As Guillaume Lample (Mistral’s Chief Scientist) puts it: “Compared to closed models, it is a bit behind. But we are playing a long-term strategic game.”
Who is Mistral 3 the right choice for?
Perfect if you...
- Need full control of your model
- Pay attention to costs (high-volume applications)
- Plan local/on-premise deployments
- Data sovereignty is important
- Working with European languages
- Edge Computing Scenarios
Not ideal if...
- You absolutely need cutting-edge reasoning
- Huge context windows needed (>256K)
- Developing Agentic AI with Complex Multi-Step Workflows
The conclusion
Mistral 3 is not a ‘GPT killer’, but it does not have to be. It is Europe's strongest response to US dominance and shows that open source models can get damn close to proprietary systems.
The true innovation lies not only in performance, but in the approach: Distributed intelligence instead of cloud monopoly.
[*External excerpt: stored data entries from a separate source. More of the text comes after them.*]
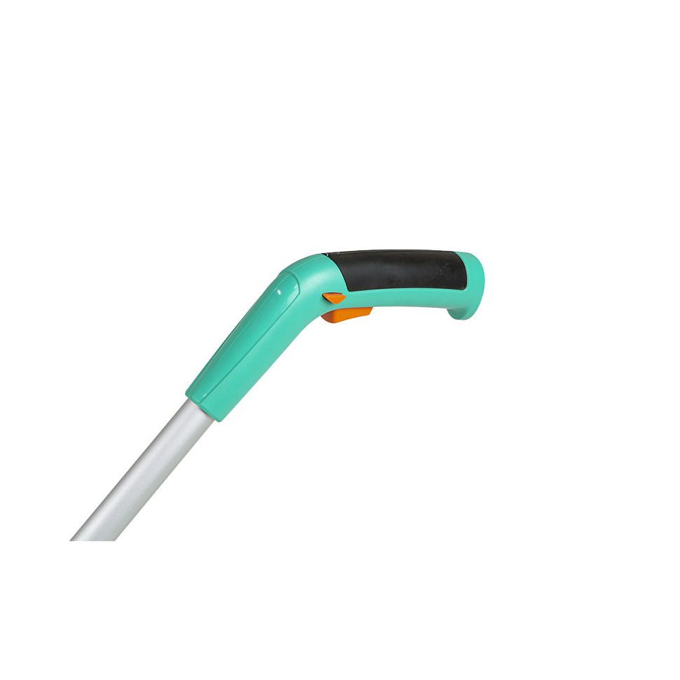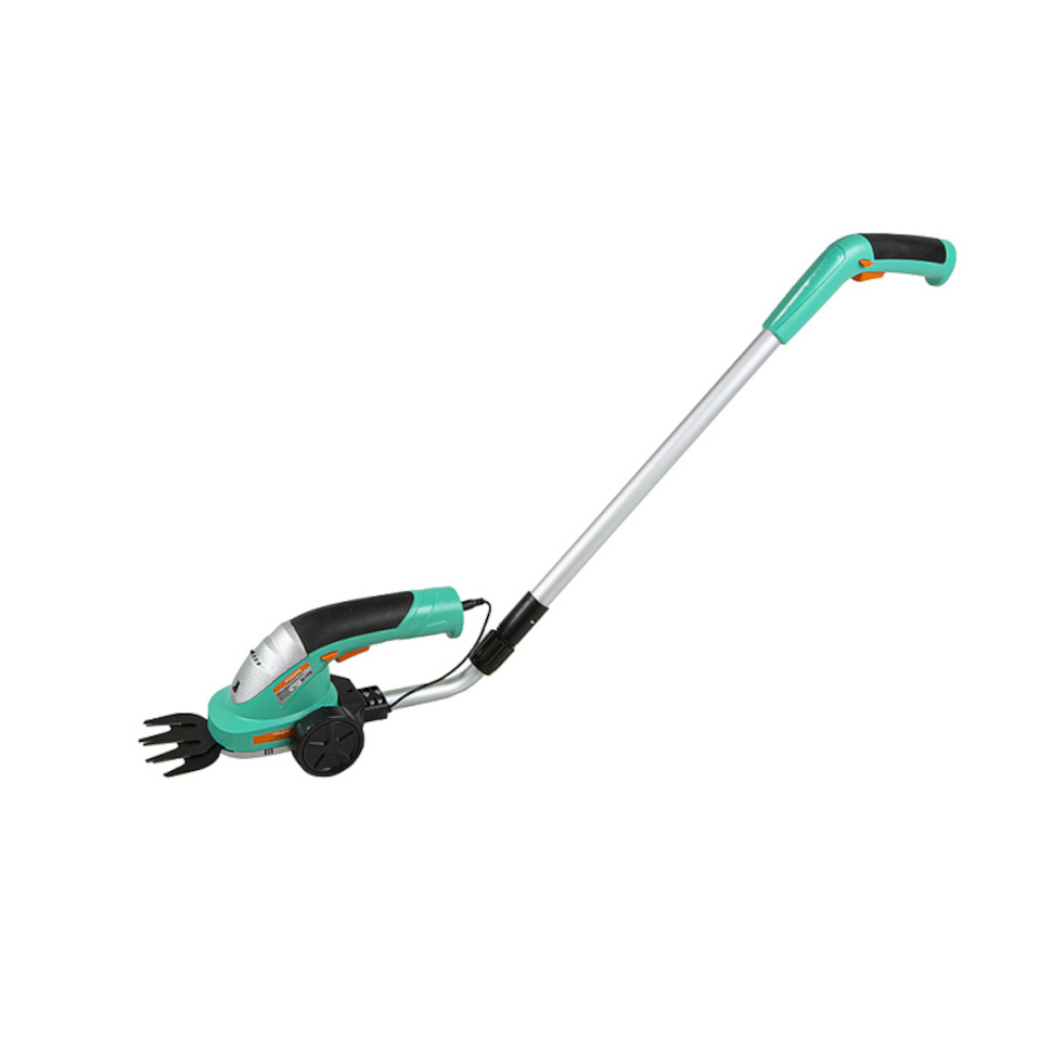 3. Телескопическая рукоятка позволяет регулировать длину инструмента под ваш рост, а наличие специальных колес делает перемещение кустореза вдоль живой изгороди плавным и легким, исключая необходимость прикладывать дополнительные физические усилия.
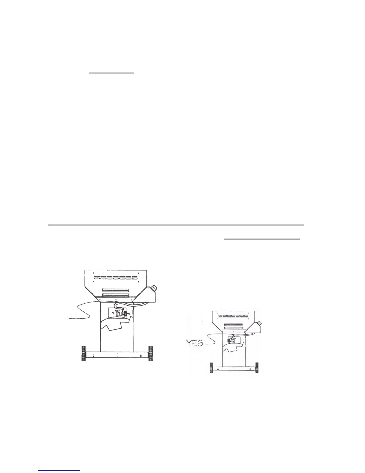 leaks and make sure hoses are not touching bottom of grill. See Example A.
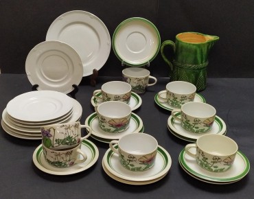 decoração policromada, jarro com relevos, marcados SPAL, séc. XX, pequenos defeitos. Dim. - 20 cm (prato)
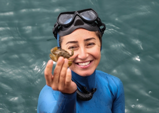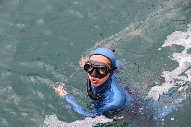 [Fotoğraf: AA]Şahika Ercümen, sembolik bir dalış yaparak, denizden ağ topladı. Ercümen, denizden toplanan ağa takılan canlıları kurtararak denize bıraktı.
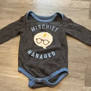 Adorable 'Mischief Managed' kids one piece in gray with blue trim. Perfect for little ones who love a touch of magic.
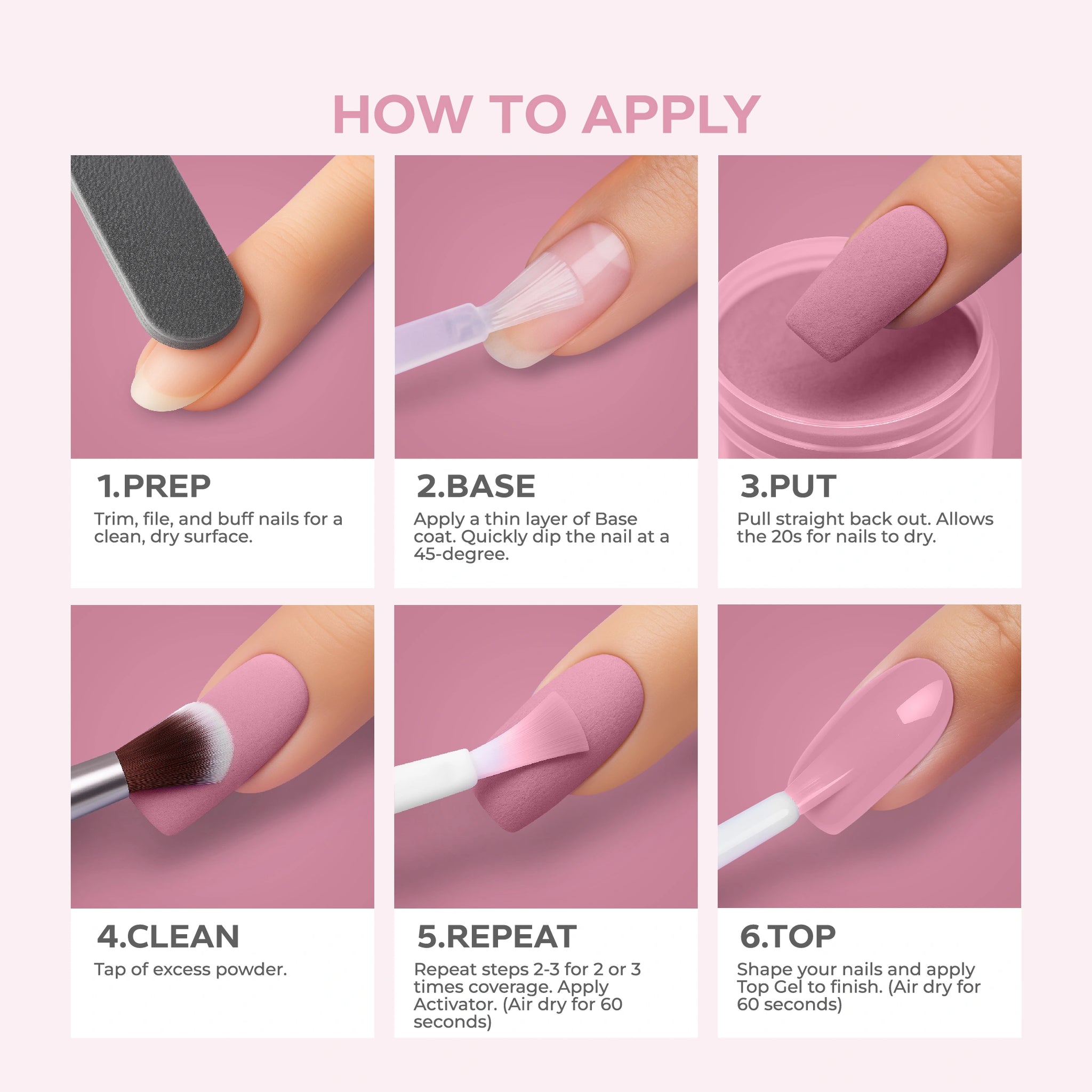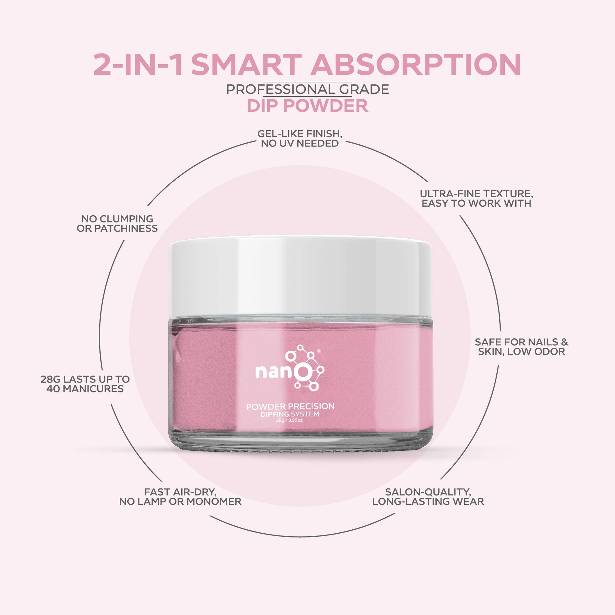 • احصلي على لمسة نهائية بجودة الصالون باستخدام نظام مسحوق الغمس البسيط وسهل الاستخدام.
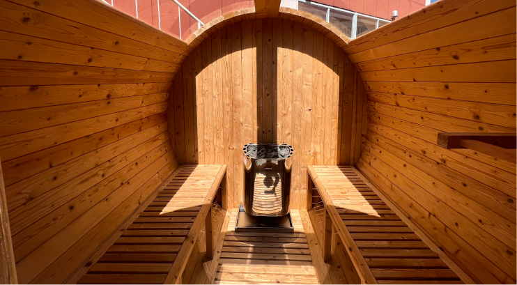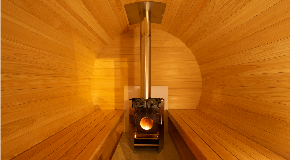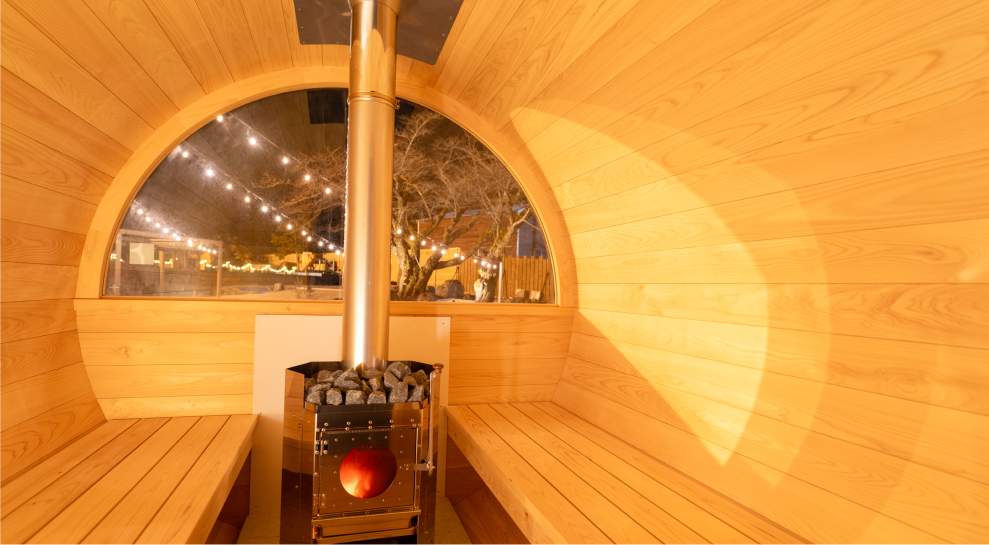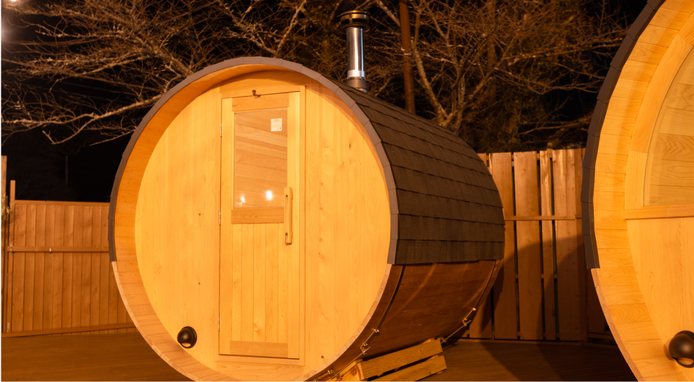 小型のバレルサウナは、定員は1〜4名で、天井に窓があり、青空や星空が楽しめます。温度は90~100度で、セルフロウリュも楽しめます。

Adaptability instead of vendor lock-in. Transparency instead of black box.
For many companies, Mistral 3 will be the better choice, not because it gets the absolute maximum, but because it offers the best overall package of performance, cost, control and privacy.
And let's be honest: A French startup that competes against OpenAI, Google and Anthropic and can actually keep up? That alone deserves respect.
Interested? Mistral 3 you can Test via the Mistral API or directly Download Hugging Face. You can also directly on the website Let's go prompt. The Ministral models even run on Ollama for local experiments and are of course also suitable for LM Studio available.